Cloud Cuckoo Land – A Triumph!

Thirteen-year-old Anna, an orphan, lives inside the formidable walls of Constantinople in a house of women who make their living embroidering the robes of priests. Restless, insatiably curious, Anna learns to read, and in this ancient city, famous for its libraries, she finds a book, the story of Aethon, who longs to be turned into a bird so that he can fly to a utopian paradise in the sky. This she reads to her ailing sister as the walls of the only place she has known are bombarded in the great siege of Constantinople. Outside the walls is Omeir, a village boy, miles from home, conscripted with his beloved oxen into the invading army. His path and Anna’s will cross.

Five hundred years later, in a library in Idaho, octogenarian Zeno, who learned Greek as a prisoner of war, rehearses five children in a play adaptation of Aethon’s story, preserved against all odds through centuries. Tucked among the library shelves is a bomb, planted by a troubled, idealistic teenager, Seymour. This is another siege. And in a not-so-distant future, on the interstellar ship Argos, Konstance is alone in a vault, copying on scraps of sacking the story of Aethon, told to her by her father. She has never set foot on our planet.
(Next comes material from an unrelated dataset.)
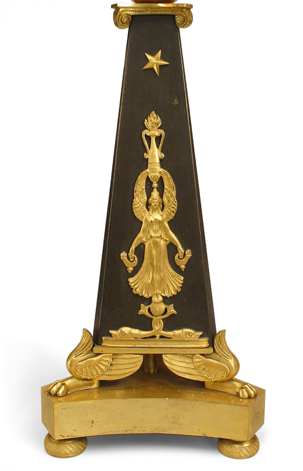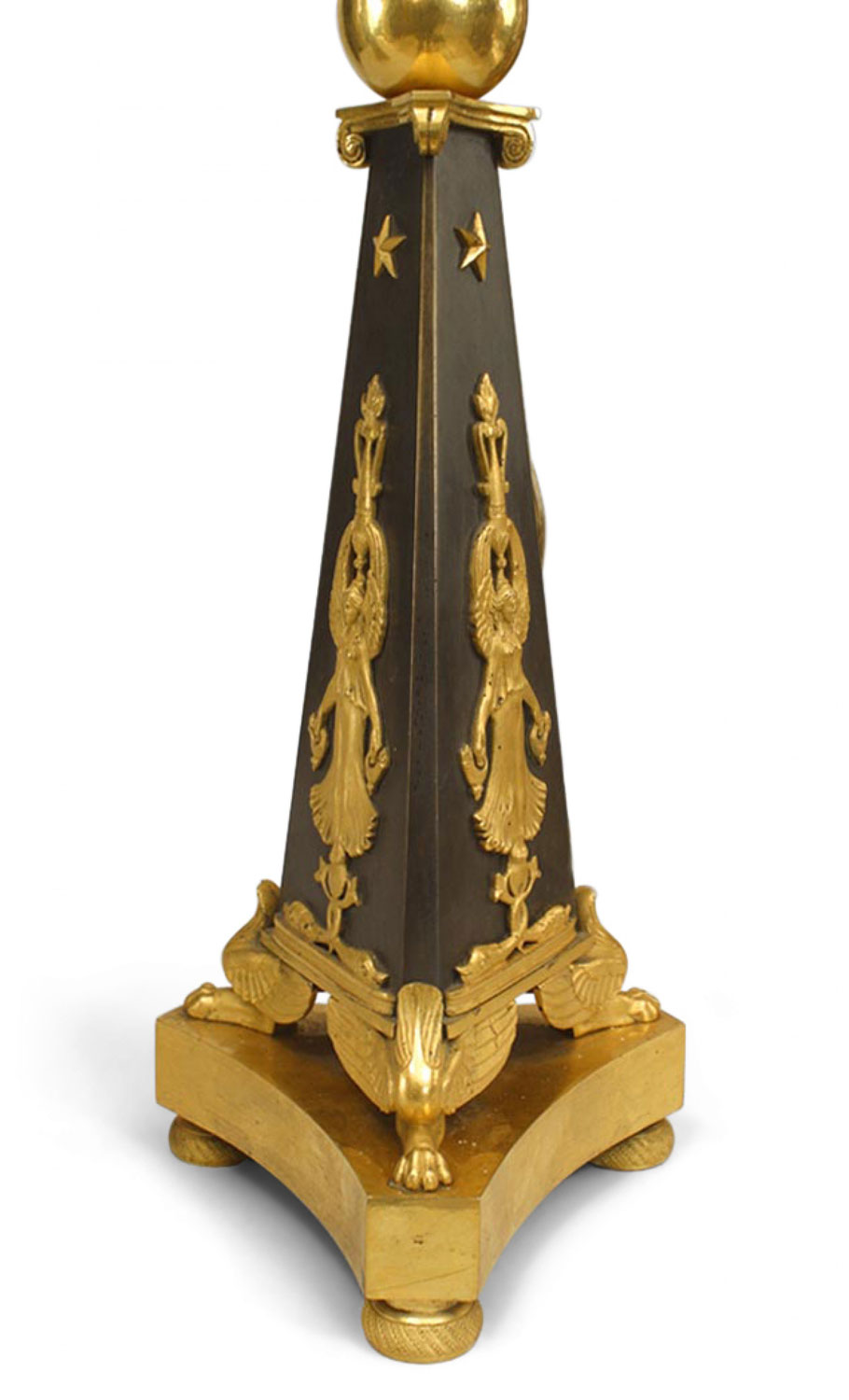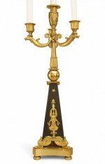 Pair of French Empire Black and Gilt Candelabras with Bird Figures

Anthony Doerr won the Pulitzer Prize for Fiction in 2015 for his highly acclaimed WWII novel, All the Light We Cannot See. It was a wonderful book; I was eager to read his new release and see how it compared. Cloud Cuckoo Land is decidedly different. One doesn’t read Doerr’s books purely for their entertainment value, but also for the beauty of his writing. It took me a long time to read this book, because I kept rereading his exquisite sentences. He tends to compose especially long ones, and I admittedly got lost in some of them.

Cloud Cuckoo Land is a complex novel with five separate plotlines. I loved the stories of Zeno, Seymore, Omeir, and Anna, but I didn’t care for Aethon’s narratives at the beginning of most chapters, although I understand how crucial they are to the overall plot. I’m also not a fan of futuristic books, so Konstance’s story didn’t turn me on. Doerr melds them all together in the end, which is quite a feat. Cloud Cuckoo Land is intelligent, peculiar, and unlike anything I’ve ever read. It is a triumph. 4.5 stars rounded up to 5.